Not everyone is convinced.

DBS Bank Ltd. analyst Sachin Mittal lowered his recommendation to sell Sea in July, citing Indonesia’s new tax regulations for cross-border transactions and the likelihood that the firm will burn cash to expand its payments business. . “There’s a tech bubble right now,” he said in an interview. “Sea’s stock is overvalued and that’s partly a reflection of the industry.”

While short-sellers have been closing bets against Sea at a rapid pace in recent weeks, they still have a bearish position worth more than $3 billion, or around 8% of the stock’s free float, according to S3 Partners, a financial analysis company. “Losses in market value may have forced the shorts out of their position,” said Ihor Dusaniwsky, head of predictive analytics at S3. “But they can still have a negative view.”

Skeptics note that Sea faces deep-pocketed competitors in all of its major businesses, from Lazada to Grab Holdings Inc. and a slew of other digital finance newcomers. Meanwhile, Sea’s gaming unit has yet to prove itself to be more than just a one-hit wonder.

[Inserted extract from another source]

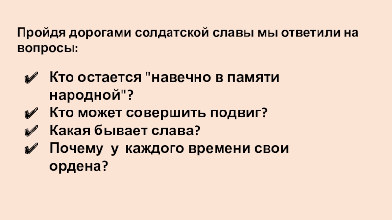 Пройдя дорогами солдатской славы мы ответили на вопросы:
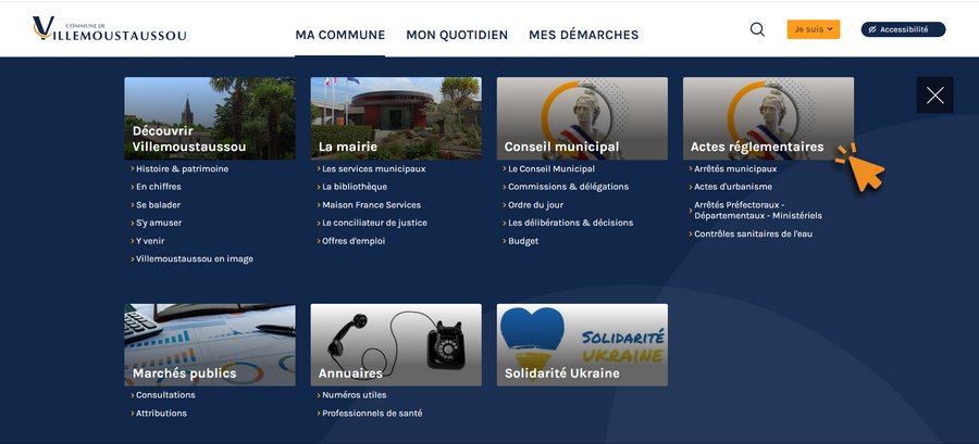 Vous pourrez retrouver notamment, les arrêtés municipaux ou les actes d’urbanisme dans la rubrique « Ma commune – Actes règlementaires ».

“We could have a post-Covid situation where the increase in revenue does not materialize, and the gaming business is doing well but is based on one popular game,” said Nirgunan Tiruchelvam, head of equity research. consumers at Tellimer Ltd.

Seaside optimists see little reason to cash in. In fact, Georg Krijgh, founder and head of the investment team at Amsterdam-based Fratres, said his company’s Knight Tech Fund, which manages 150 million euros ($177 million), plans to add to his maritime possessions.

The stock is already the fund’s second-largest position after Shopify Inc., a Canadian e-commerce company that has gained more than 500% in the past 18 months. “There are always people who like to short-circuit excellent companies like Sea, Tesla or Carvana, mainly on the basis of the high valuation argument,” he said. “It’s an inferior strategy.”

Sea’s biggest challenge now may have less to do with execution and more to do with meeting “exorbitant” investor expectations, said Bloomberg Intelligence analyst Matthew Kanterman. In the past seven days alone, Sea’s stock has soared 28% to record.

For his part, Li seems well aware that the bar has been raised. It was hard not to notice that everyone was calling his business a South Asian mashup of Tencent and Alibaba, two of the most successful companies in history.

“We learned a lot from these pioneers,” said Li, who has an estimated net worth of $7.5 billion. “But at the end of the day, we don’t have to be their mini-versions. We can just be ourselves.